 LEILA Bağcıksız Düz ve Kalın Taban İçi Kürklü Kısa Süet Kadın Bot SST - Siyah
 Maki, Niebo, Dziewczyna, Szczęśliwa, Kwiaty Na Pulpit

═══

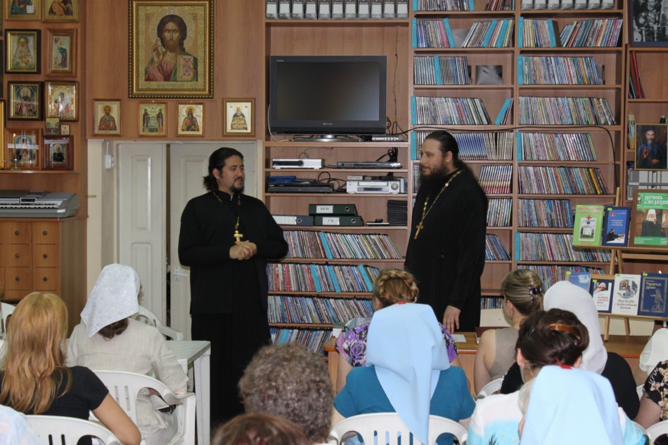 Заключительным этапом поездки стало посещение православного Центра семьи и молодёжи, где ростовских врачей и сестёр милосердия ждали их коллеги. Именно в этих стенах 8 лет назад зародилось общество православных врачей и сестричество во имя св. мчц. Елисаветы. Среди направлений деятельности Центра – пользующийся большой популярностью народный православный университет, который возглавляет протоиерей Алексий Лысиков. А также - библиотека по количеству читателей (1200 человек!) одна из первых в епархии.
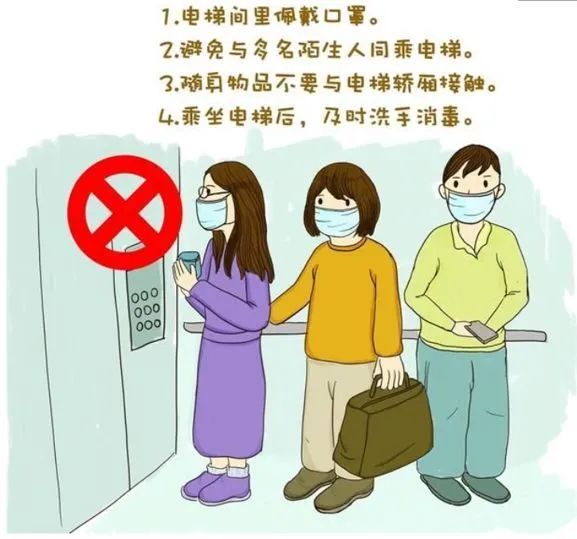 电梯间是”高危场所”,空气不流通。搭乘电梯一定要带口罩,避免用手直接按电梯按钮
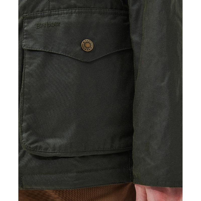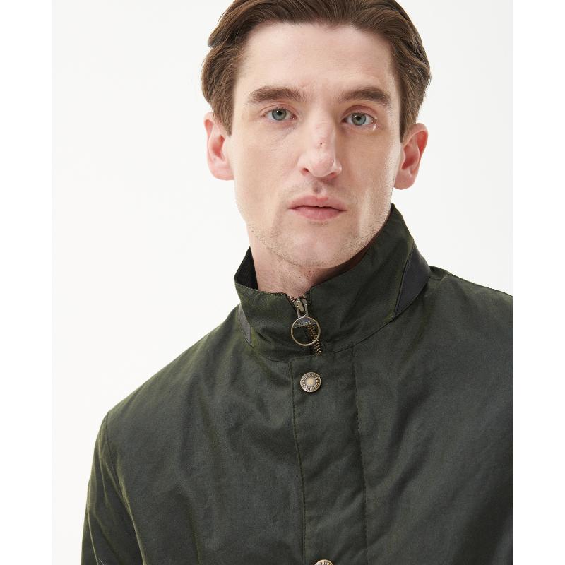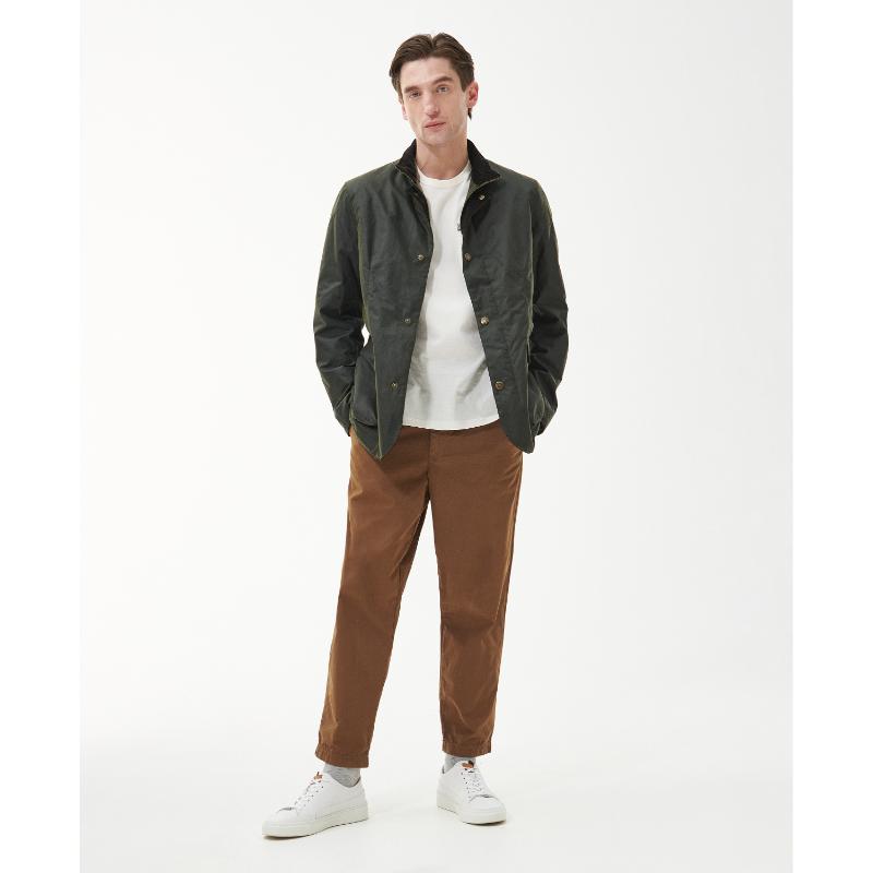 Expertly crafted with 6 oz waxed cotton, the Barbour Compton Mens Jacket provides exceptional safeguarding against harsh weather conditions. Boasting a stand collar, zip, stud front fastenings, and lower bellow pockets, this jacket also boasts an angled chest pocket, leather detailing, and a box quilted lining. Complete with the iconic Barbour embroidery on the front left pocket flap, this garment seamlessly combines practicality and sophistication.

═══

**What you are asked to do**
The lines above from the one with "LEILA Bağcıksız Düz" through the one with "Maki, Niebo, Dziewczyna, Szczęśliwa, Kwiaty" are to be duplicated exactly, ends included, with nothing added.

**Solution below**
 LEILA Bağcıksız Düz ve Kalın Taban İçi Kürklü Kısa Süet Kadın Bot SST - Siyah
 Maki, Niebo, Dziewczyna, Szczęśliwa, Kwiaty Na Pulpit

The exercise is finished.